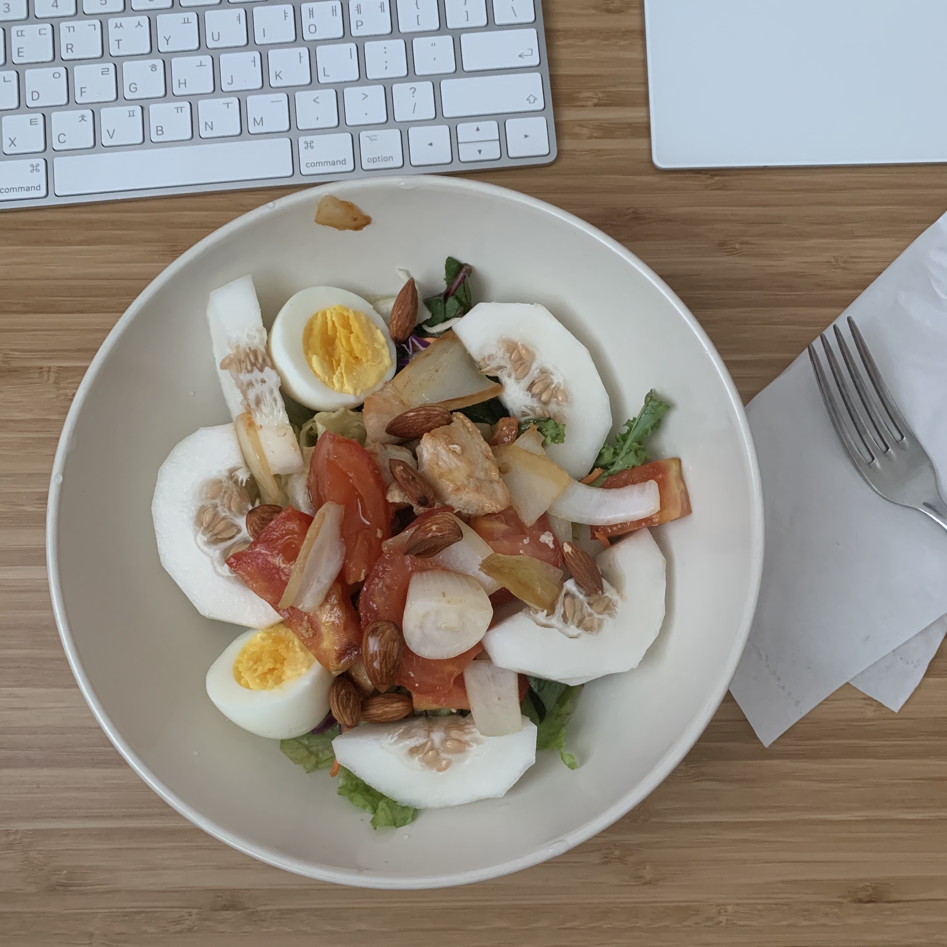 삶은 계란이 들어와 퍽퍽해진 입속을 참외가 촉촉하게 해 준다.
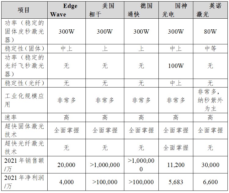 总体来看,根据与超快激光器领域的相关企业进行横向对比,国神公司在技术水平、产品稳定性、经营指标以及与相关方的协同效应上均优于其他国产超快激光行业的公司,整体竞争实力较强。
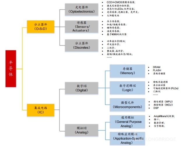 那麼本輪半導體銷售額的上行,主要是哪些芯片帶動的呢?先從半導體的分類入手,熟悉一下半導體的具體分類。半導體主要分為 5 類,分別是數字芯片、模擬芯片、光電器件、傳感器和分立器件。數字芯片和模擬芯片是半導體行業最重要的組成部分。模擬芯片主要用於模擬信號(聲音、光線、温度等),包括有運算放大器、線性穩壓器、電源管理等。而數字芯片主要進行算術和邏輯運算,包括有 CPU、微處理器、存儲器、微控制器等。
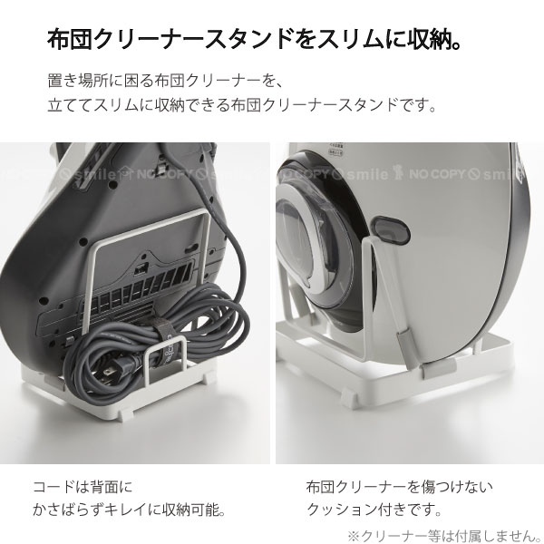 置き場所に困る布団クリーナーを、立ててスリムに収納できる布団クリーナースタンドです。

### Directions:
When copying the listing, print each line exactly but leave out every picture.

### Solution to this exercise:
 삶은 계란이 들어와 퍽퍽해진 입속을 참외가 촉촉하게 해 준다.
 总体来看,根据与超快激光器领域的相关企业进行横向对比,国神公司在技术水平、产品稳定性、经营指标以及与相关方的协同效应上均优于其他国产超快激光行业的公司,整体竞争实力较强。
 那麼本輪半導體銷售額的上行,主要是哪些芯片帶動的呢?先從半導體的分類入手,熟悉一下半導體的具體分類。半導體主要分為 5 類,分別是數字芯片、模擬芯片、光電器件、傳感器和分立器件。數字芯片和模擬芯片是半導體行業最重要的組成部分。模擬芯片主要用於模擬信號(聲音、光線、温度等),包括有運算放大器、線性穩壓器、電源管理等。而數字芯片主要進行算術和邏輯運算,包括有 CPU、微處理器、存儲器、微控制器等。
 置き場所に困る布団クリーナーを、立ててスリムに収納できる布団クリーナースタンドです。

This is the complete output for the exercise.